All the bragging about Clinton’s humility was a prelude to a listening tour, a rehash of sorts of her 2000 Senate run, when she successfully carpetbagged into the state of New York to run for Senate. That race was her first foray into elective politics. Her only other success was her easy reelection there six years later.
The beauty of a listening tour is simple: When you’re listening, you’re not expected to be talking. The conceit allowed Clinton to spend a few days in Iowa without actually saying anything of substance or answering questions.
She staged photo-ops for the press horde and, more important, for her own camera crew, which appeared to be in tow to film future campaign videos. The most illustrative moment came when a video captured reporters sprinting across a grassy community college field to catch a glimpse of the luxury van transferring Clinton from one building to the next. No one caught up to her.
The toughest criticism came from expressly liberal pundits who, despite their pretenses of independence, will surely climb aboard eventually. MSNBC host Rachel Maddow pointed out that the only issues Clinton talked about “sound[ed] like generic political slogans” that could have been adopted by any of her Republican opponents. Then Maddow mocked Hillary for talking about removing big money from politics. “This is going to be a $2.5 billion presidential campaign, maybe. There is about a, hmm, 98 percent chance that Hillary Clinton is going to be one of the two candidates in the general election in this $2.5 billion campaign. As such, I’m not sure anybody expected that an anti-Citizens United, anti-unlimited-money-in-politics plank, even potentially a constitutional amendment anti-money-in-politics plank would be one of the first things that she would put in her platform, but she has,” the liberal pundit snarked.
“The most baffling trend of all was what seemed like this State Farm commercial gone viral,” liberal TV pundit Jon Stewart said, referring to the launch video. “This is boring as s—,” Stewart sanctimoniously (yet correctly) declared.

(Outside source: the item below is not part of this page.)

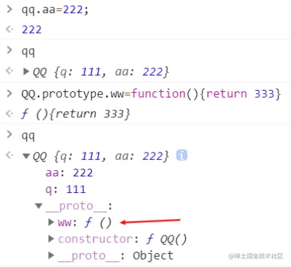QQ.prototype上添加了ww这个复杂数据类型,qq的__proto__会直接变化

In truth, of all the Democrats on the national scene, the Clintons historically have not been the ones to get a free pass from the media. The reporting up until Hillary’s announcement had asked important questions about the private email server she set up while secretary of state, which allowed Clinton to defy the Freedom of Information Act and other government archiving regulations.
But something drastic happened when Clinton announced. The schizophrenic liberal press, with a few exceptions, turned fawning. History was on the line—the first woman to be elected president. There was no rallying cry for Clinton to sit down for an interview and explain all the scandals that had plagued her in the months leading up to her announcement. (By contrast, Marco Rubio, who announced a day after Clinton, gave at least seven interviews.)

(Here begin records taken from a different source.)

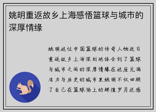 姚明,作为中国篮球的象征,一位享誉全球的体育明星,他的传奇人生与篮球梦想交织在一起,构成了一幅动人的画卷。生于上海的姚明,从小就展现出惊人的身高和篮球天赋。他不仅在国内取得了骄人的成绩,还成功登陆NBA,成为第一位被选中进入NBA的中国球员。在这条追逐梦想的道路上,他不仅面临着巨大的压力与挑战,也收获了无数荣誉与友谊。姚明以其卓越的球技和不懈努力,改变了人们对中国篮球的认知,同时也为后来的年轻球员...
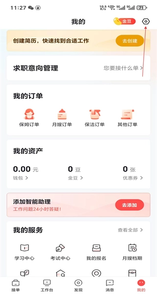 打开软件后,进入个人中心页面,能看到求职意向管理等板块,点击右上角的设置按钮即可进入对应的设置页面。
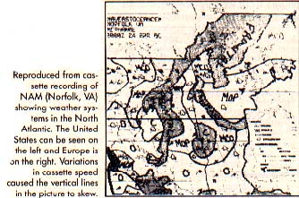 With a little practice, you'll quickly learn to synchronize the computer to the incoming signal and produce impressive satellite maps and photos. There is enough time at the beginning of each transmission to make the adjustments needed during the phasing period, and weather transmissions occur regularly. Some WEFAX stations broadcast 24 hours a day. Once you have determined a reliable frequency in your area, it's just a matter of being there at the right time.

Perhaps it was a good thing Hillary Clinton drove to Iowa last week in a Secret Service caravan. There’s no way she would have been able to fit all her baggage in the overhead bin. And, hiding in her van, unlike failed presidential candidate Mitt Romney, she didn’t have to answer for all her gaffes.
Daniel Halper, author of the bestselling Clinton, Inc.: The Audacious Rebuilding of a Political Machine (Broadside Books), is online editor of The Weekly Standard.